The shortlist for the £30,000 Dylan Thomas Prize for young writers has been unveiled.

The list includes five from the UK and one American author, Tania James, for her novel The Tusk that Did the Damage.

Poet Andrew McMillan's Physical won The Guardian First Book Award last year.

The Swansea University-backed award will go to the best published literary work in English, written by an author aged 39 or under.

Chair of the judges Prof Dai Smith called the works "eye-catching, eclectic and totally energising".

Image source, Dylan Thomas Prize/Lucy Dickens
Image caption,

Clockwise from top left Claire-Louise Bennett, Max Porter, Sunjeev Sahota, Frances Leviston, Tania James and Andrew McMillan

The shortlisted writers are:

  • Claire-Louise Bennett (Wiltshire), Pond - a debut collection of 20 short stories featuring the same female character.

  • Tania James (Washington, USA), The Tusk that Did the Damage - set in India, where she once lived, a novel told through the voice of an elephant, a poacher and a film-maker.

  • Frances Leviston (Edinburgh), Disinformation - poet following up her award-winning debut collection.

  • Andrew McMillan (Manchester), Physical - the son of poet and broadcaster Ian McMillan, published his debut collection last year and is a lecturer in creative writing in Liverpool and co-founder of the literary magazine Cake.

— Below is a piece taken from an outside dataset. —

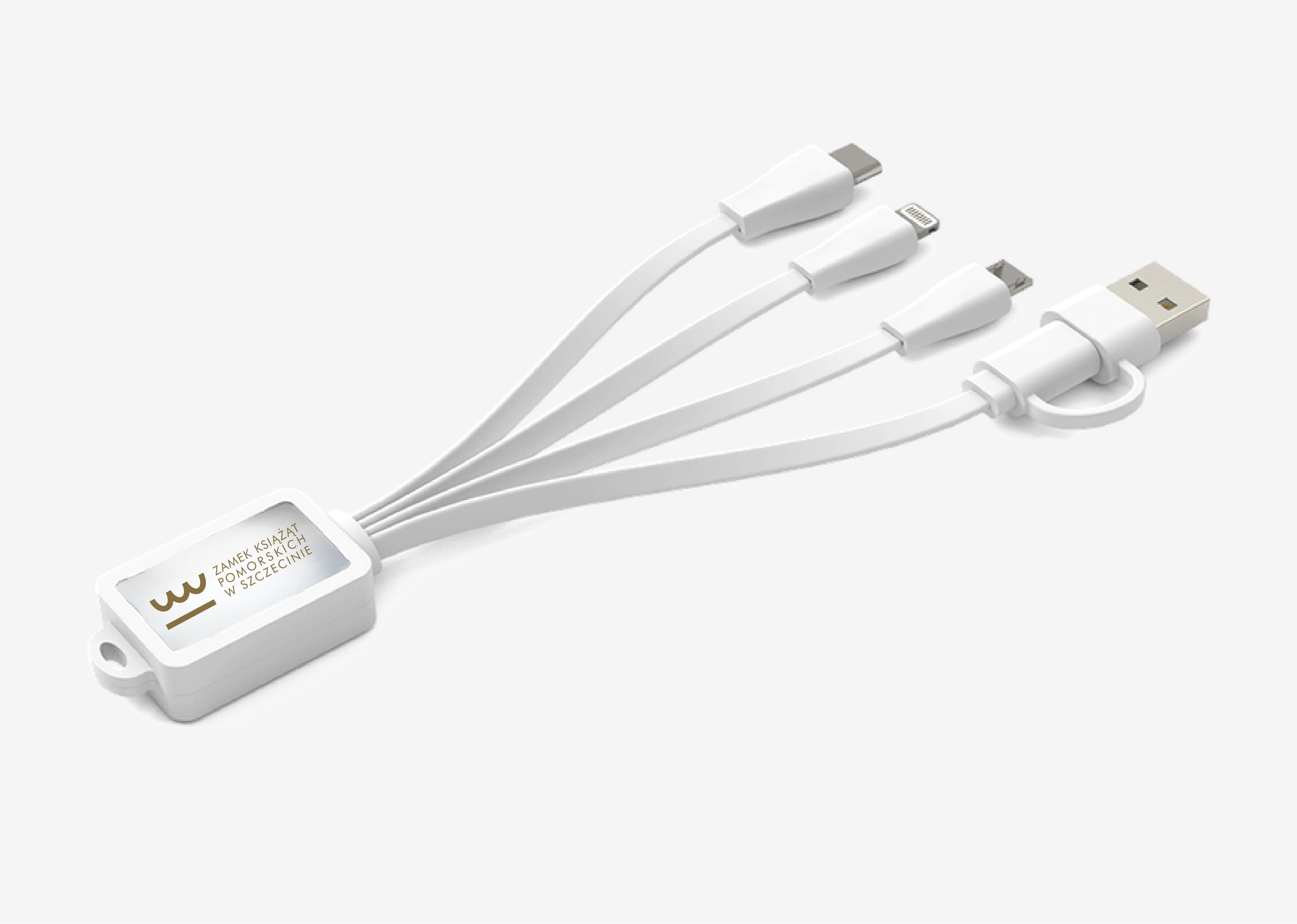 Kabel biały ze złotym logo Zamku Książąt Pomorskich w Szczecinie posiada konektory: standardowe USB, USB -C, Lightning i Micro USB.

  • Max Porter (London), Grief is the Thing with Feathers - works in publishing, a novella about a family's loss of their mother.

  • Sunjeev Sahota (Sheffield), The Year of the Runaways - Indian migrant workers living in Sheffield, shortlisted for the 2015 Man Booker Prize.

A set of short stories set in Caerphilly by locally-born writer Thomas Morris was on the long list but did not make the final cut.

The winner will be announced at a gala ceremony at Swansea University, which sponsors the prize, on International Dylan Thomas Day, 14 May.